In 1991, Simon appeared on Cleveland Watkiss’s Polydor release Green Chimneys, followed two years later by Women Have Standards with Anita Wardell in 1993. However, the busy life as a teacher has meant that most of Simon’s musical projects have never been recorded, notably a quartet with saxophonist Mike Williams, Dave Wickins and Ricardo Dos Santos (1995 – 2000), a trio with Phil Allen and Steve Watts (1987 – 1995), a project with vocalist Christine Tobin (1991-1995) and his Octet that toured Scotland in 1998. Obsessively busy, Simon founded Jazz Umbrella in 1993, a London-based jazz collective, promoting gigs at the Vortex Jazz Club and establishing a network of gigs in local communities throughout the city. There was never enough time, although Simon now promotes his most recent project with Julian Siegel, Chris Batchelor, Gene Calderazzo, Steve Watts and occasional collaboration with vocalist Liane Carroll.

Despite his experience as a performer, Simon is best known as an educator. During his teacher-training he was fortunate to be tutored by Janet Ritterman (until recently the principal of the Royal College of Music) at that time, Head of the Music Education Department at Goldsmiths College. A succession of Tuesday afternoon workshops required him to teach songs non-verbally, i.e. without any verbal explanation or notation. This introduction to hemispherical function of the brain, educational psychology and the realization that lesson planning and evaluation was not only necessary in order to achieve trouble-free lessons but also was a form of creative problem-solving, convinced him of a joint vocation as musician and teacher. Fascinated by how music students learn (and jazz musicians in particular), Simon has continued to draw on his early experiences as a school teacher, over the years accumulating a mass of materials and informal research as a result of reflection, systematic recording, planning and evaluation of lessons, consequently forming a number of templates for diagnosis and interpretation of educational phenomena. Simon’s educational research was published in 2001 (Staff Development through Creative Co-Mentoring Partnerships), 2003 (Musical Patchwork: Teacher Research Within a Conservatoire), and 2005 (Teacher Research Within a Conservatoire – a condensed version of the former, published by Ashgate).

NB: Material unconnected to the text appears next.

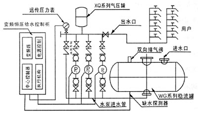 由于真空補償器的作用,罐體內(nèi)部在任何工作狀態(tài)下都保持正壓,避免了水泵直接抽取自來水管網(wǎng)的水,保護了水泵,避免了用戶缺水。主要是通過以下過程來實現(xiàn)的:自來水不斷進入罐體時,隨著水位不斷升高,罐體內(nèi)的空氣經(jīng)真空補償器自動排出。當水位上升到一定水位時,真空補償器自動關(guān)閉,此時自來水仍不斷進入,罐體內(nèi)部壓力逐漸增大,直至終罐內(nèi)的壓力等于自來水管網(wǎng)的壓力。當用戶用水增大或者自來水管網(wǎng)流量壓力變小時,罐體內(nèi)部水位會逐漸下降,當水位下降到一定值時真空補償器自動打開,接通大氣,罐體內(nèi)無負壓,水泵抽取罐體內(nèi)的水。當用戶用水量大、自來水管量小或者自來水停水時,罐體上的液位控制器控制水泵的;蜷_。

Simon has taught and mentored several generations of Britain’s finest jazz musicians. Between 1987 and 2005, he was professor of jazz piano and improvisation at the Guildhall School of Music & Drama and was appointed Head of Jazz at Trinity College of Music in September 2005, meanwhile, co-directing the Glamorgan Jazz Summer School (formerly the Barry Summer School). In between times he has acted as a consultant to Birmingham Conservatoire, been educational director of the National Jazz Youth jazz Orchestra of Scotland and in 2006, received the award for Jazz Educationalist of the Year from the Parliamentary Jazz Committee. Purcell joined the Executive of the National Youth Jazz Orchestra in September 2009, mainly to advise on behalf of the Music Higher Education Sector and to establish the NYJO Musical Policy Committee.